[Items from a data source]
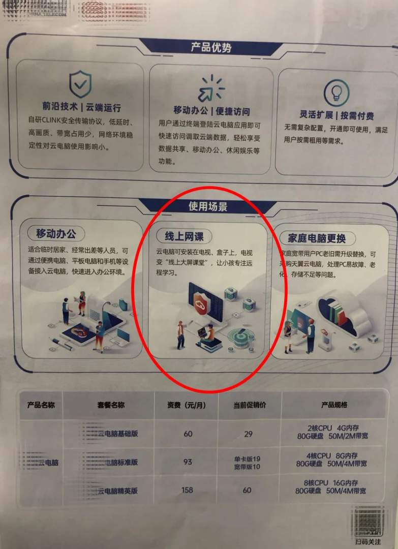 另外,云电脑宣传单在“使用场景”一栏写道:“在移动办公上,适合临时居家、经常出差等人员,可通过便携电脑、平板电脑和手机等设备接入云电脑,快速进入办公环境。在线上网课,云电脑可安装在电视、盒子上,电视变‘线上大屏课堂’,让小孩专注远程学习。”
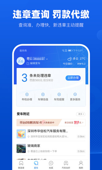车行易查违章app最新版以汽车违章查询服务作为核心,八年来朱家开拓了包含年检、维修、保险、加油等多项服务。这款软件专为车主朋友们设计制作,可以为广大车主带来真实有效的帮助。车行易查违章app最新版可以支持用户查看fu'gai覆盖全国400+城市的汽车违章信息,并且可以为用户智能定位违章地点。平台还可以为用户提供带来全新违章提醒,帮助用户在第一时间连接到自身违章数据。车行易查违章app最新版联合邮政服务开展车辆年检服务,可以帮助用户便捷进行年检代办。平台拥有着最为权威的违章数据信息,并且绝对保障用户信息安全。
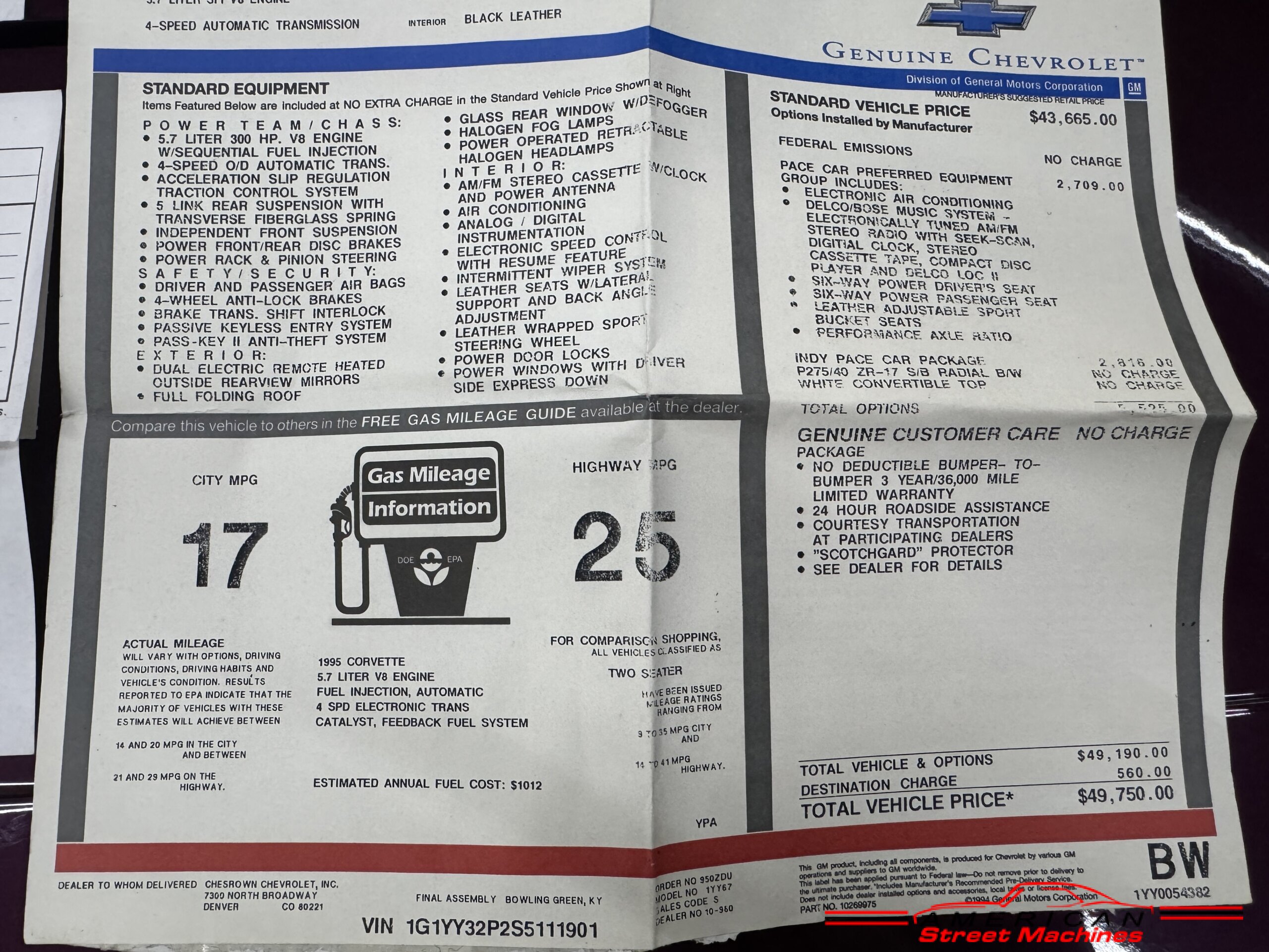 American Street Machines Inc is proud to offer this collectible Corvette Pace Car for sale out of a private collection. This collectable Corvette was purchased new and parked in a time capsule. Has 2564 original miles and still pertains all original sales documents along with the window sticker. Hard to find a 95 Corvette Pace Car with this low of miles that was this well preserved.
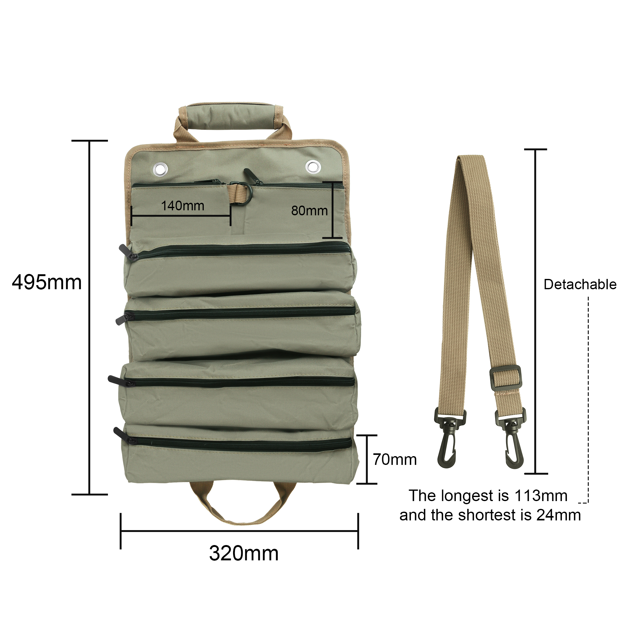 Keep your tools organized with our durable rolling up tool bags!The removable shoulder strap adjusts from 24 cm to 113 cm. Black,khaki and army green to choose from. With 5 zipper pockets, this bag can help keep tools organized and easily accessible. Great for professionals and weekend warriors alike
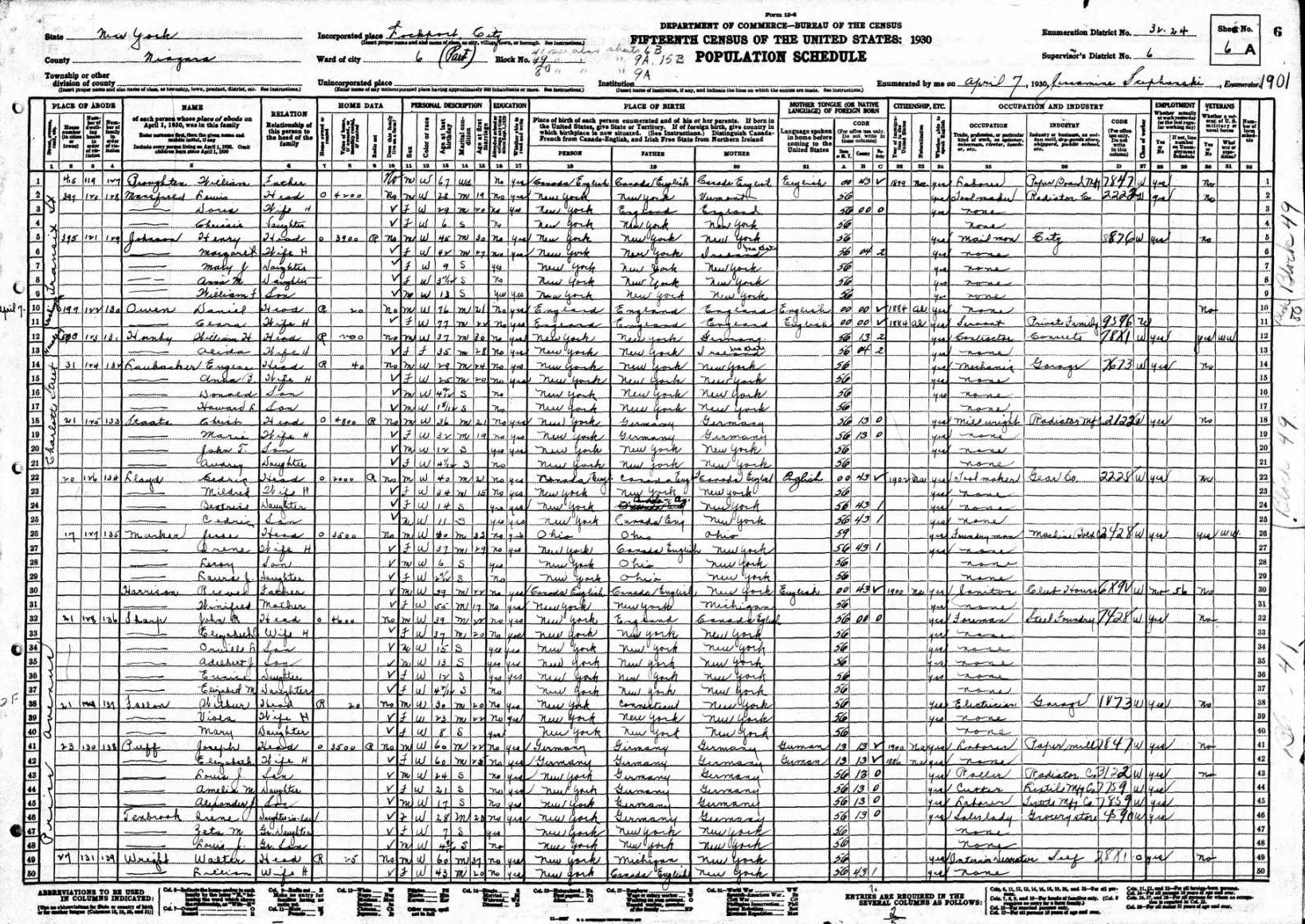 Teed Family 1930 Federal Census New York, Lines 29-33

_Problem statement_:
Write out all the entries word for word, but skip any images.

_Completed task_:
 另外,云电脑宣传单在“使用场景”一栏写道:“在移动办公上,适合临时居家、经常出差等人员,可通过便携电脑、平板电脑和手机等设备接入云电脑,快速进入办公环境。在线上网课,云电脑可安装在电视、盒子上,电视变‘线上大屏课堂’,让小孩专注远程学习。”
车行易查违章app最新版以汽车违章查询服务作为核心,八年来朱家开拓了包含年检、维修、保险、加油等多项服务。这款软件专为车主朋友们设计制作,可以为广大车主带来真实有效的帮助。车行易查违章app最新版可以支持用户查看fu'gai覆盖全国400+城市的汽车违章信息,并且可以为用户智能定位违章地点。平台还可以为用户提供带来全新违章提醒,帮助用户在第一时间连接到自身违章数据。车行易查违章app最新版联合邮政服务开展车辆年检服务,可以帮助用户便捷进行年检代办。平台拥有着最为权威的违章数据信息,并且绝对保障用户信息安全。
 American Street Machines Inc is proud to offer this collectible Corvette Pace Car for sale out of a private collection. This collectable Corvette was purchased new and parked in a time capsule. Has 2564 original miles and still pertains all original sales documents along with the window sticker. Hard to find a 95 Corvette Pace Car with this low of miles that was this well preserved.
 Keep your tools organized with our durable rolling up tool bags!The removable shoulder strap adjusts from 24 cm to 113 cm. Black,khaki and army green to choose from. With 5 zipper pockets, this bag can help keep tools organized and easily accessible. Great for professionals and weekend warriors alike
 Teed Family 1930 Federal Census New York, Lines 29-33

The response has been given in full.